DIRECTIONS FOR THIS TASK ->
Only the lines below from the one containing "Here's an adaptable" through the one containing "Raku Vase signed" belong in the answer, set down exactly, with the pictures left out.

GIVEN RECORDS ->

__________________________________________________

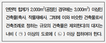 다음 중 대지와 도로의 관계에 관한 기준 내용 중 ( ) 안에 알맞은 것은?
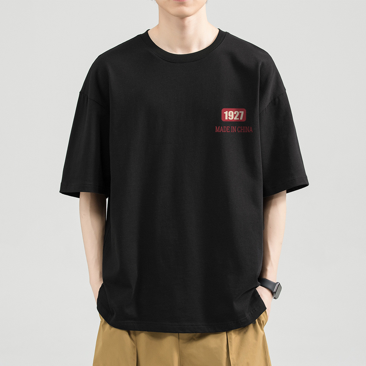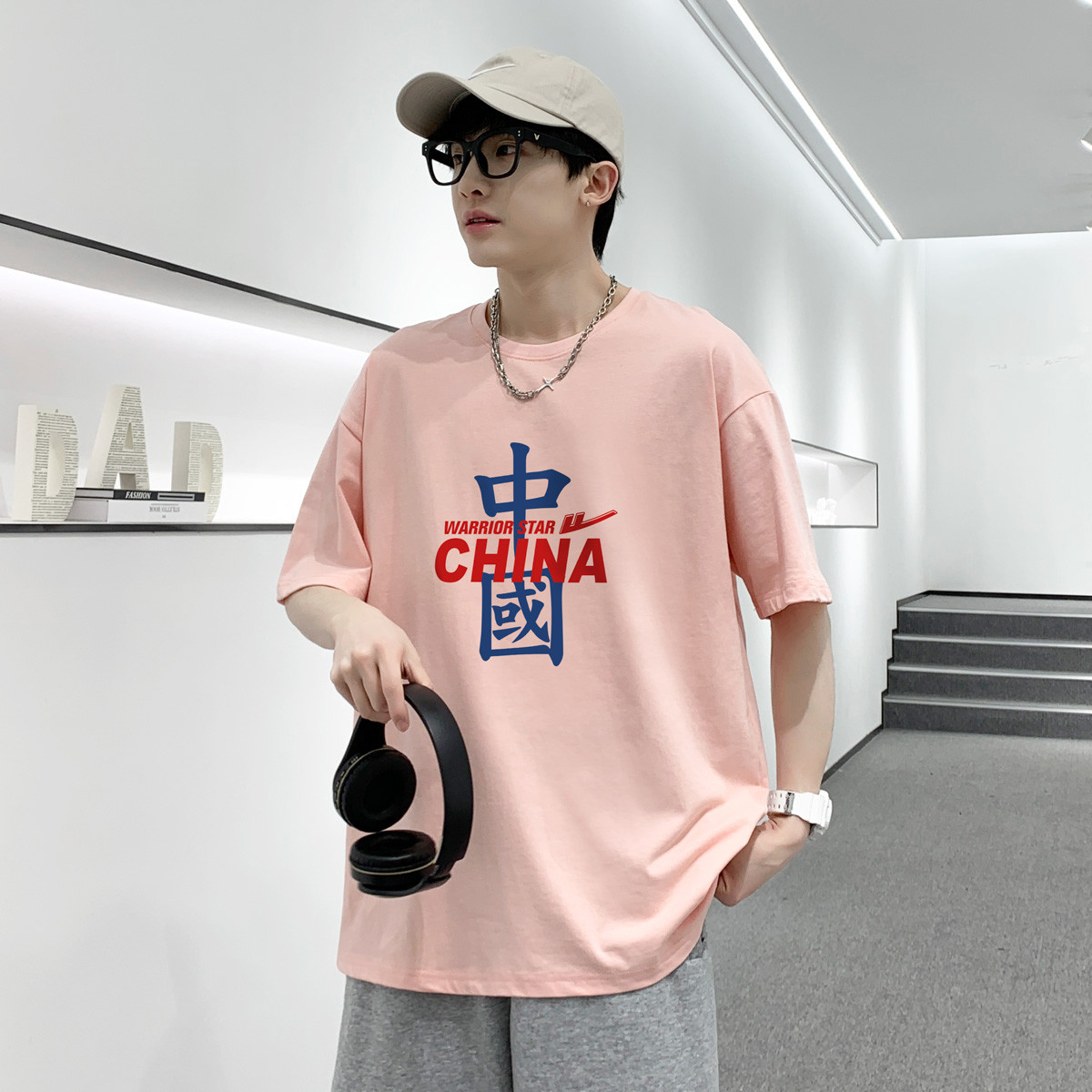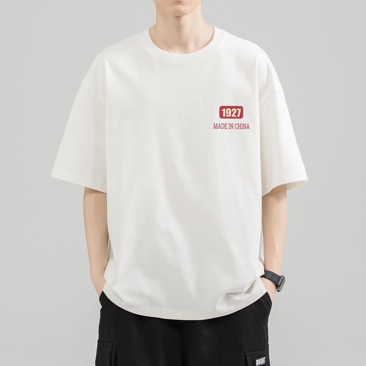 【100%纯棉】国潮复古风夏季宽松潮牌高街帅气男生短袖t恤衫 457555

__________________________________________________

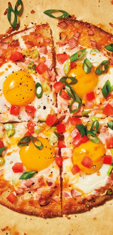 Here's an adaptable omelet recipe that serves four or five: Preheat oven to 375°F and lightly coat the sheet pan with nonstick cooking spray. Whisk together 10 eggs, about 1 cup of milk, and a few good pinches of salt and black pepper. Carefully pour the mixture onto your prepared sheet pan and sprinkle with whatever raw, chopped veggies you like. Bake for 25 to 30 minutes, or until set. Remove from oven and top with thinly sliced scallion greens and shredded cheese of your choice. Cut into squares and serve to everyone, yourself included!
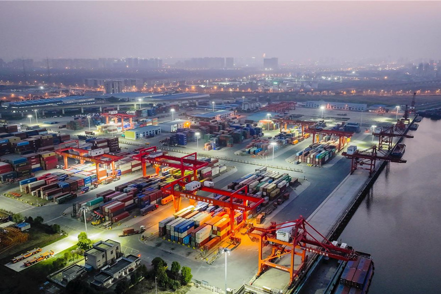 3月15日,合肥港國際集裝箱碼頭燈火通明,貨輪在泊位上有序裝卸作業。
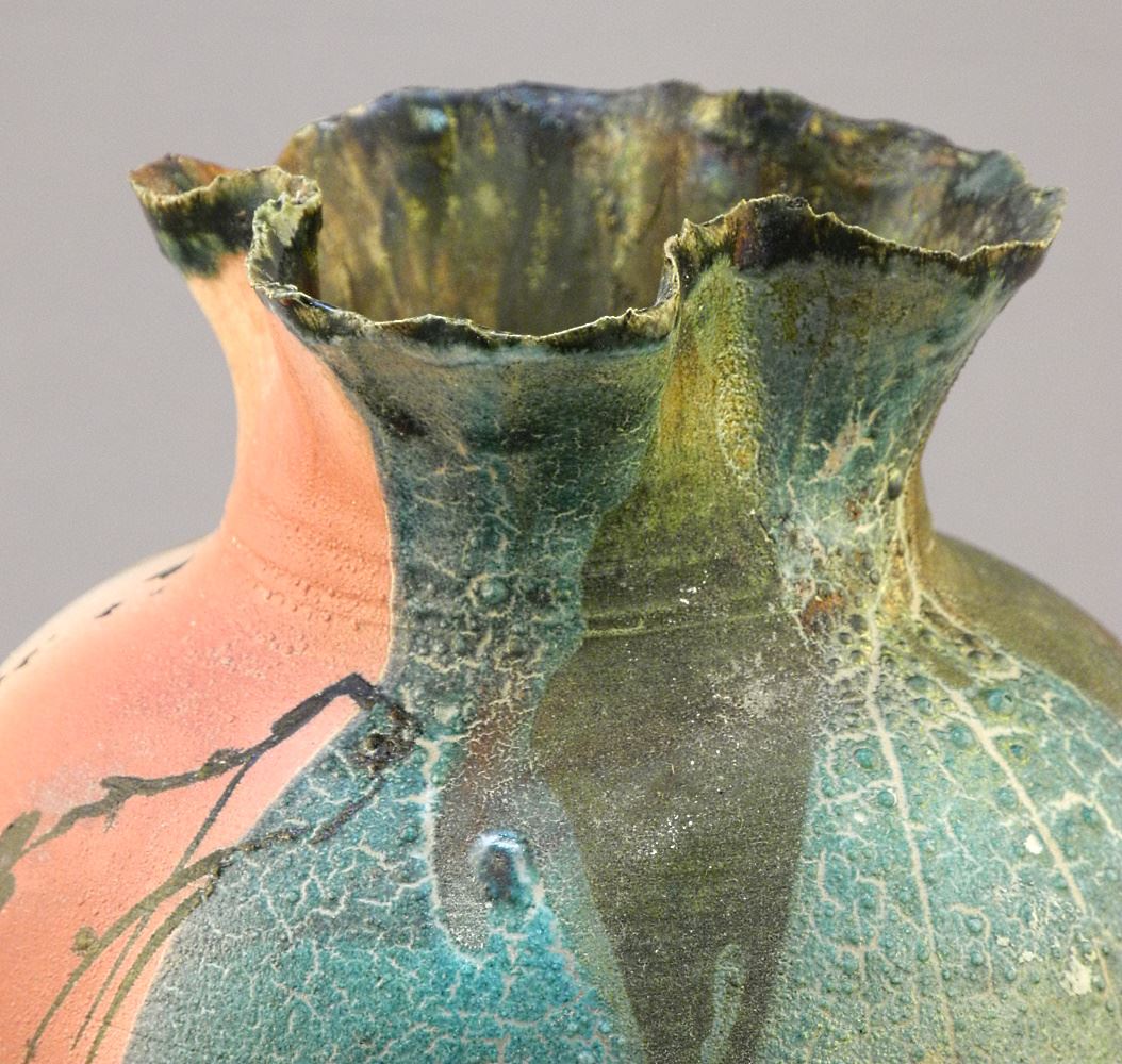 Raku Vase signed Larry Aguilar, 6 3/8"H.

__________________________________________________

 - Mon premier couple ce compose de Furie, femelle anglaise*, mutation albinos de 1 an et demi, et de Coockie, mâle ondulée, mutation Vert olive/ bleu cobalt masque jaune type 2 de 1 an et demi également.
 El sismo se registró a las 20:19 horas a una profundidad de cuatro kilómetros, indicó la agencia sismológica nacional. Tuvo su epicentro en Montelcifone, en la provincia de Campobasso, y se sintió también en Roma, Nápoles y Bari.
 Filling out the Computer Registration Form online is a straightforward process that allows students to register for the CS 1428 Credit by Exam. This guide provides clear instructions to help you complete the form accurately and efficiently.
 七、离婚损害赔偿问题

__________________________________________________

ANSWER TO THIS TASK ->
 Here's an adaptable omelet recipe that serves four or five: Preheat oven to 375°F and lightly coat the sheet pan with nonstick cooking spray. Whisk together 10 eggs, about 1 cup of milk, and a few good pinches of salt and black pepper. Carefully pour the mixture onto your prepared sheet pan and sprinkle with whatever raw, chopped veggies you like. Bake for 25 to 30 minutes, or until set. Remove from oven and top with thinly sliced scallion greens and shredded cheese of your choice. Cut into squares and serve to everyone, yourself included!
 3月15日,合肥港國際集裝箱碼頭燈火通明,貨輪在泊位上有序裝卸作業。
 Raku Vase signed Larry Aguilar, 6 3/8"H.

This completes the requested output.